+++ Data block

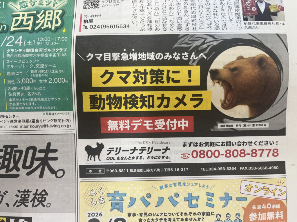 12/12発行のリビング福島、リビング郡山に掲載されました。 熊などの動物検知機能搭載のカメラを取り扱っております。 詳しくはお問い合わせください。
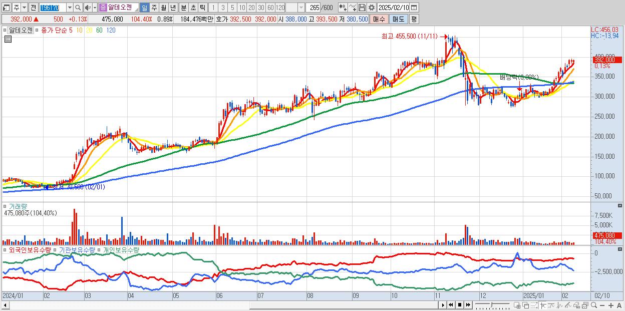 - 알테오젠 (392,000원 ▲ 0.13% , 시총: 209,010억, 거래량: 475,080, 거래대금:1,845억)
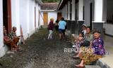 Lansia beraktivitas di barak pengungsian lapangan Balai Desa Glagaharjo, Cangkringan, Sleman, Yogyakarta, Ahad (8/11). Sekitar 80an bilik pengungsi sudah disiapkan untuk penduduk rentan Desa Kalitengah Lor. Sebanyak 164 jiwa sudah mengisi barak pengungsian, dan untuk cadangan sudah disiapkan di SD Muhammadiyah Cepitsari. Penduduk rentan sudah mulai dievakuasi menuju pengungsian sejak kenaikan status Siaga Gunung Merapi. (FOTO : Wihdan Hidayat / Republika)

++++++

> What to produce: Repeat the lines above precisely and skip every picture.

> Response:
 12/12発行のリビング福島、リビング郡山に掲載されました。 熊などの動物検知機能搭載のカメラを取り扱っております。 詳しくはお問い合わせください。
 - 알테오젠 (392,000원 ▲ 0.13% , 시총: 209,010억, 거래량: 475,080, 거래대금:1,845억)
 Lansia beraktivitas di barak pengungsian lapangan Balai Desa Glagaharjo, Cangkringan, Sleman, Yogyakarta, Ahad (8/11). Sekitar 80an bilik pengungsi sudah disiapkan untuk penduduk rentan Desa Kalitengah Lor. Sebanyak 164 jiwa sudah mengisi barak pengungsian, dan untuk cadangan sudah disiapkan di SD Muhammadiyah Cepitsari. Penduduk rentan sudah mulai dievakuasi menuju pengungsian sejak kenaikan status Siaga Gunung Merapi. (FOTO : Wihdan Hidayat / Republika)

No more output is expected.